3.5. Sensitivity, Specificity, Positive (PPV), and Negative Predictive Value (NPV)
NCS was abnormal in all 11 patients (38%), with a response obtained at least unilaterally (sensitivity 100%, specificity 85%, PPV 78%, NPV 100%). LCFN SEP was abnormal in 16 patients (sensitivity 48%, NPV 58%), while parameter D was abnormal in nine studied patients (sensitivity 27%, NPV 50%). The sensitivity and specificity of the suggested EDx algorithm for the EDx evaluation of patients with MP in our population were 88% and 84%, respectively.
4. Discussion
Our study demonstrated LFCN NCSs to be superior to LFCN SEP in the neurophysiological evaluation of MP. NCS results were abnormal in all patients in whom a response was obtained at least unilaterally (sensitivity 100%), while SEP results were abnormal in 48% of patients. On the other hand, LFCN SNAP was at least unilaterally unobtainable in two control subjects (8%) and in 18 patients (62%), while LFCN SEPs were recorded bilaterally in all patients and controls. Parameter D was abnormal in only 27% of patients, suggesting that tibial SEPs are not helpful in the diagnosis of MP. Of the two controls with unobtainable LFCN SNAP, one was young (< 60 years) and thin (BMI < 30 kg/m2), and the other was old (>60 years) and overweight (BMI > 30 kg/m2). As there was only one control subject older than 60 years or with BMI over 30 kg/m2, these subjects represented 4% and 100% of our control population with age < 60 years and BMI < 30 kg/m2, and age > 60 years or BMI >30 kg/m2, respectively. These data are therefore in accordance with previous studies reporting unobtainable LFCN SNAP in a high proportion of controls with age > 60 years or BMI > 30 kg/m2 [7,12,13]. Based on these data, we proposed a diagnostic algorithm for the EDx evaluation of patients with suspected MP (Figure 3).

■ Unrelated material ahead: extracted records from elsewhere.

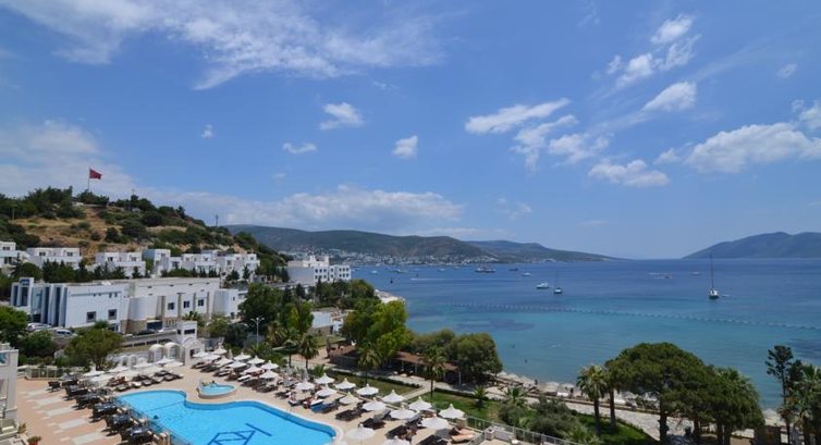 Отдых нам понравился! Теперь понимаю, почему о данном отеле мало отзывов-там практически нет русских!!! Номер был очень чистый и свежий, уборку делали каждый день, оставляли по 2 лиры, постель меняли почти каждый день. Питание отличное, полупансиона оказалось вполне достаточно))) Что касается напитков, да-дорого, но можно было покупать в маркете, который находится в 2-х минутах ходьбы. Сумку никогда никто не проверял, хотя она была далеко не дамская, а большая пляжная! Жутко читать отзывы, где пишут, что на охране отбирают напитки)))Это неправда! Да, нас ещё в автобусе гид предупредил, что нельзя проносить ни воду, ни спиртное, ни еду, но на практике, поверьте, было иначе! Что касается пляжа: всегда были свободные лежаки, никто не приходил в 7 утра и не занимал места, как это часто бывает!!! Полотенца можно было менять сколько угодно раз в день, никто за этим не следил! дааа, после обеда и в выходные приходили местные, но все вели себя спокойно. Периодически по пляжу ходит охрана, видимо следит за порядком. Море прекрасное!!! Чистое, прозрачное, НО не совсем теплое) Заходить было холодно поначалу. Заход в море гораздо лучше в левой части пляжа, полностью песчаное дно, справа камни. Глубина тоже умеренная! Территория отеля действительно небольшая, но весьма уютная. Анимации нет вообще никакой, лично для нас это было только плюсом! Ни разу не наблюдали пьяных тагильцев))) Вполне оценили прелесть полупансиона!!! Вечерами ходили гулять на набережную, если пешком, то минут 10-15, по пути местами крутые подъемы, но можно добираться на лодке, которая ходит довольно часто с пляжа, стоимость - 6 лир с человека в одну сторону. В городе одно занятие-это турецкий шоппинг))) Читала в одном из отзывов ещё до отпуска, что там обычно не торгуются, поскольку отдыхают в основном европейцы, но ничего подобного, мы торговались, как могли, получалось довольно неплохо)))Так что очень рекомендую данный отель и город Бодрум в целом!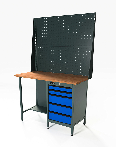 Верстак серии Standart, 1200 мм, фанера, тумба с 5-ю ящиками, экран 1000, синий RAL 5005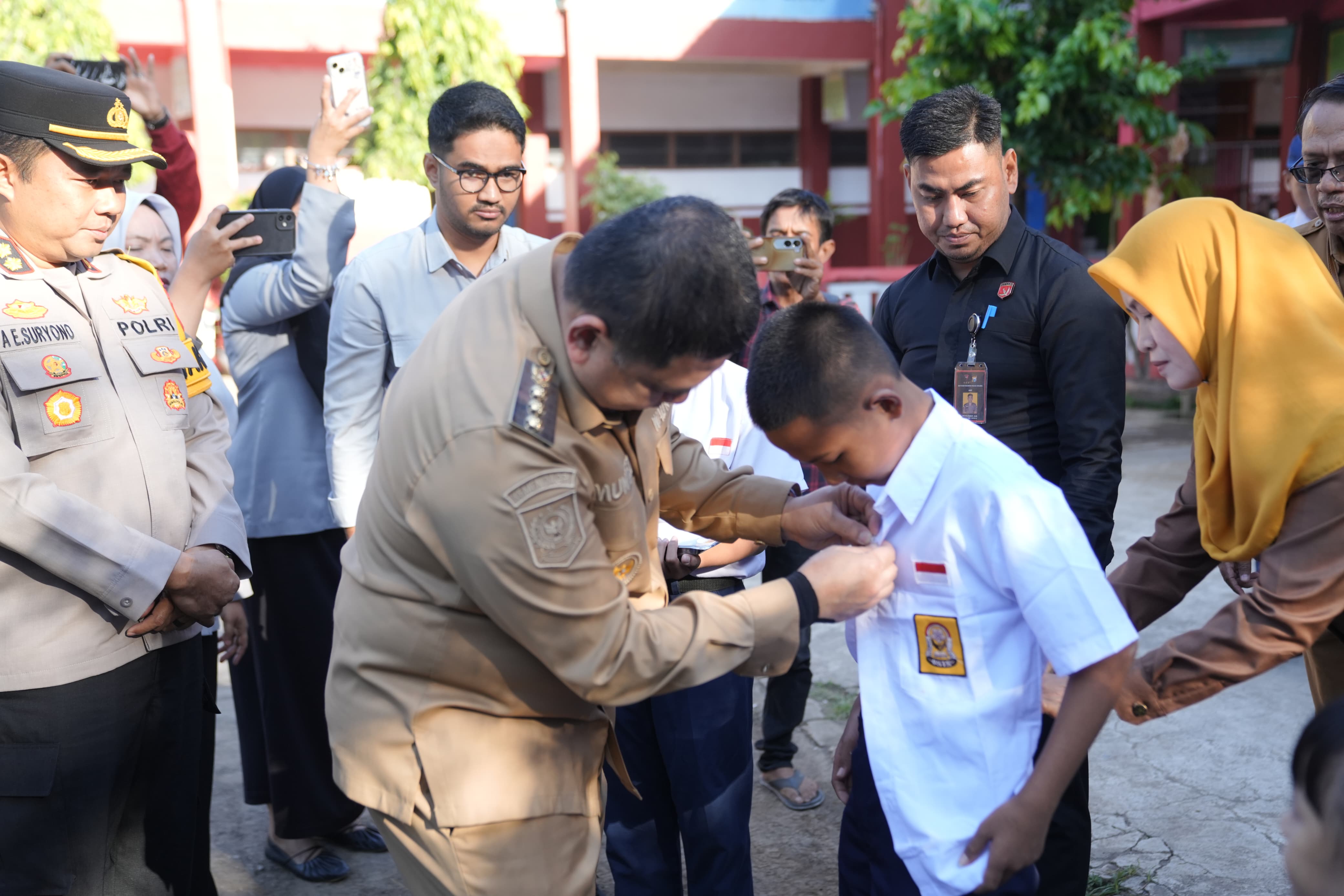 Penyerahan seragam perdana dilakukan di dua sekolah, yakni SD Lariang Bangi dan SMP Negeri 46 Makassar. Wali Kota Munafri atau yang akrab disapa Appi, menyerahkan langsung dua stel seragam utama—merah putih untuk siswa SD dan biru putih untuk siswa SMP—secara simbolis kepada para siswa baru.

Our reference intervals are similar to those obtained in previous studies using needle electrodes [7,12]. However, differences in the applied technique (i.e., surface vs. needle electrodes) probably explain why the most frequent neurophysiological abnormality in our study was reduced SNAP conduction velocity, compared to low SNAP amplitude in previous studies [7,17]. Results similar to ours have been previously reported by Spevak and Prevec, who also used surface electrodes [18]. Our SNAP conduction velocities were similar to those reported previously [7,11,12,13,18,19]. Our LFCN SNAP measurements were performed distal to the entrapment site. Reduced conduction velocity is expected to occur due to changes in sensory nerve axons and possibly also in myelin in the distal segment.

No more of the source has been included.